Psikosis juga disebabkan sejumlah faktor seperti faktor risiko genetik, masalah perkembangan otak paparan stres atau trauma, penyakit mental seperti depresi berat, gangguan bipolar, dan skizofrenia, kurang tidur, atau penyalahgunaan alkohol atau obat-obatan. Psikosis juga disebut merupakan gejala penyakit lain seperti penyakit Alzheimer, demensia, dan penyakit Parkinson.

Para ilmuwan mengembangkan algoritma pembelajaran mesin AI menggunakan data pemindaian otak MRI dari orang-orang yang berisiko tinggi secara klinis yang kemudian menderita psikosis dari 21 lokasi Kelompok Kerja Risiko Tinggi Klinis untuk Psikosis ENIGMA.

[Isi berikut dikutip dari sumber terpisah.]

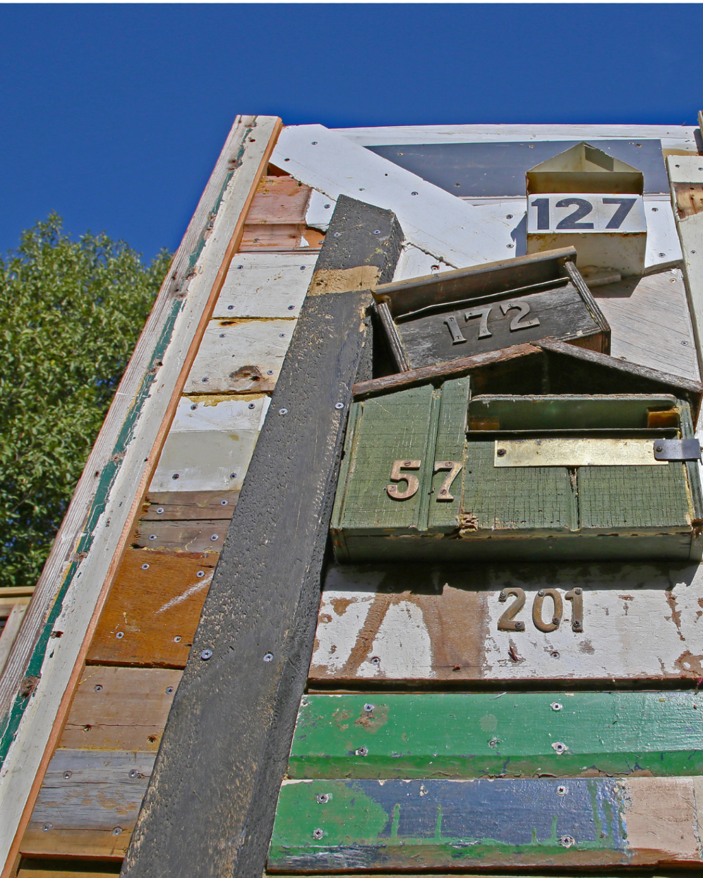The final sculpture design is a product largely of the materials that have been made available by the Trow Group from the deconstruction of the Category 3 Muriwai homes. The final work incorporates community art initiatives from the weeks following the Cyclone, such as the Muriwai ‘Love Letters’ and Mette Hay’s ‘Muriwai Voices’, alongside the mosaics created in the November 2023 community mosaics workshops

Algoritme pembelajaran mesin AI yang digunakan adalah XGBoost (eXtreme Gradient Boosting), pustaka perangkat lunak sumber terbuka yang dapat diskalakan untuk algoritma pohon keputusan yang didorong gradien terdistribusi (GBDT).

XGBoost menerapkan peningkatan pohon paralel dan banyak digunakan untuk masalah klasifikasi, pemeringkatan, dan regresi. Para peneliti mengembangkan pengklasifikasi AI dan memetakan bobot untuk mengidentifikasi fitur-fitur utama untuk generalisasi.

“Akurasi pengklasifikasi pada kumpulan data pelatihan dan konfirmasi independen masing-masing adalah 85 persen dan 73 persen,” lapor para peneliti.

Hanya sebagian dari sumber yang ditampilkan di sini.